Panel Paper: Discrimination without Discriminants: Racial Logics in Tenant Screening

Friday, November 8, 2019
I.M Pei Tower: Majestic Level, Savoy (Sheraton Denver Downtown)

*Names in bold indicate Presenter

Eva Rosen, Georgetown University, Philip M.E. Garboden, University of Hawaii, Manoa and Jennifer Cossyleon, Johns Hopkins University


A fundamental assumption of racial discrimination research is that gatekeepers are confronted with an applicant pool that is racially heterogeneous. The reality of urban housing markets, however, is that historical patterns of residential segregation intersect with other structural barriers to drive not only selection into housing but also selection into the applicant pool. We ask: In a housing market segmented by race, what role do race and racism play in shaping tenant screening processes? How does race intersect with other stigmatizing factors such as voucher status, eviction history, and gender?

This paper uses 160 interviews with landlords in Baltimore, Cleveland, Dallas, and Washington, DC, to examine how racial logics shape the tenant screening process in the affordable housing market. In all four areas, voucher holders are over 85 percent African American. We show how landlords navigate this process, given their market position, and their ideas about who makes a “good” tenant. When landlords choose tenants, they can use observable traits based on credit checks, criminal background checks, and residential history checks to select for traits that are unobservable, such as the tendency to pay rent reliably and not cause problems. However, in the affordable housing market, potential tenants tend to fail on some or all of these official tests. Landlords then turn to discriminate illegally between traits that are protected classes, such as race, gender, and family size, tapping into various prejudices.

We find that larger landlords rely on screening algorithms that calculate a prospective tenant’s “score,” based on official checks. In the voucher submarket however, a voucher can outweigh a low credit score or a history of eviction, especially if the tenant’s rental portion is low. Landlords rely on these formalized screening techniques in hopes of weeding out the “professional tenant.” In contrast, smaller landlords often make decisions based on informal screening mechanisms such as “gut feelings,” home visits, and “smell” tests in order to weed out “problem” tenants.

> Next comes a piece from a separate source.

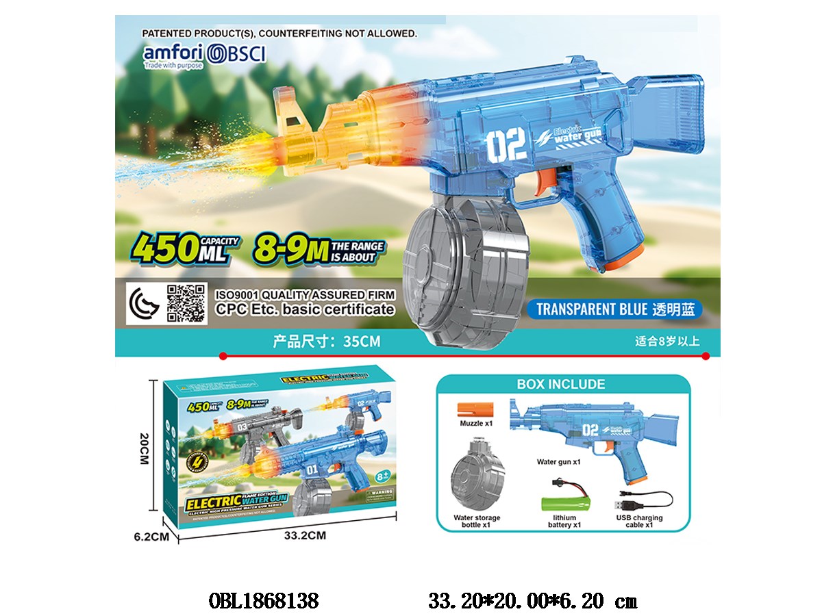 Transparent blue electric water gun with light 350ml, equipped with USB cable and 3.7V battery pack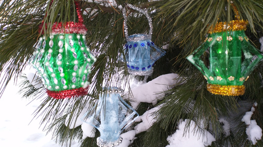 Фонарики из пластиковой бутылки Уличное Новогоднее украшение Поделка игрушка на елку для улицы

We uncover a process whereby landlords racialize their tenants — even within a predominantly black tenant pool — in ways that limit residential options for low-income, minority, and subsidized tenants. Landlords recounted common narratives of the black underclass and the so-called culture of poverty. Their distinction between a “good” and a “bad” minority tenant is based on the degree to which that tenant conforms to (or resists) modes of behavior that align with these insidious cultural narratives. We find that landlords are prompted to put aside certain racial prejudices when they have the right financial incentives, but only when the tenant also conforms to these racialized expectations.

These findings present substantial challenges for fair housing enforcement. While it is hard for policy to address racial discrimination explicitly, there are a number of policies that could be targeted to encourage landlords to rent to minority voucher holders. We examine the strength and limitations of Source of Income Protection laws, Small Area FMR, “Ban the box” legislation regulating criminal background checks, landlord outreach, and “damage insurance” programs.